Grant E. Wesner, with him D. Frederick Muth, for appellees.
Before Jones, C.j., Bell, Musmanno, Jones, Cohen, Bok and Eagen, JJ.
OPINION BY MR. JUSTICE BOK
The basic question is whether the decedent and the claimant, once his wife, entered into a valid common-law remarriage after their divorce.
Decedent died testate, leaving nothing to the claimant, who asserted marriage and filed her election to take against his will. The court below held that there had been no valid remarriage, vacated the election, and struck it from the record. The claimant has appealed.
Common law marriage has been well described by President Judge KELLER in Baker v. Mitchell, 143 Pa. Superior Ct. 50, 17 A.2d 738,, as a fruitful source of perjury and fraud. It is to be tolerated and not encouraged, and cohabitation and reputation do not create the marriage but rather are circumstances giving rise to a rebuttable presumption of one.
These doctrines are familiar enough. We are, however, not dealing with a first marriage but with a remarriage following divorce after twenty years of wedlock. In such case we think that the law's role of mere toleration of the common law relationship should be reversed and the status of remarriage favored, even if acquired with common law informality. If the law allows a spouse, in the generous amount of nine reasons, to establish by divorce that the marriage was a mistake,
it should be at least equally eager to let both spouses discover that their divorce was also a mistake. We regard it better to encourage remarriage than to leave such parties under judicial edict that they were living sinfully together for ten years.
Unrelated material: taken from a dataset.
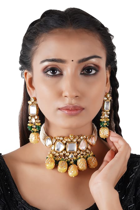 Clusters of yellow and green beads, Kundan bead drop design, Gold plating with intricate detailing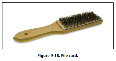 Particles of metal collect between the teeth of a file and may make deep scratches in the material being filed. When these particles of metal are lodged too firmly between the teeth and cannot be removed by tapping the edge of the file, remove them with a file card or wire brush. Draw the brush across the file so that the bristles pass down the gullet between the teeth. [Figure 9-18]

If children had been born of this relationship, the wisdom of regularizing it if possible would be all the more apparent.
The court below did not disbelieve the claimant's witnesses but found the following basic facts: that the parties declared that their divorce was a mistake, that they were going to reunite, and that they were going on a second honeymoon; that they went to a motel in Eagles Mere and registered as husband and wife; and that after returning to Reading, where they had spent their married life, they cohabited there for ten years, from June, 1945, to ...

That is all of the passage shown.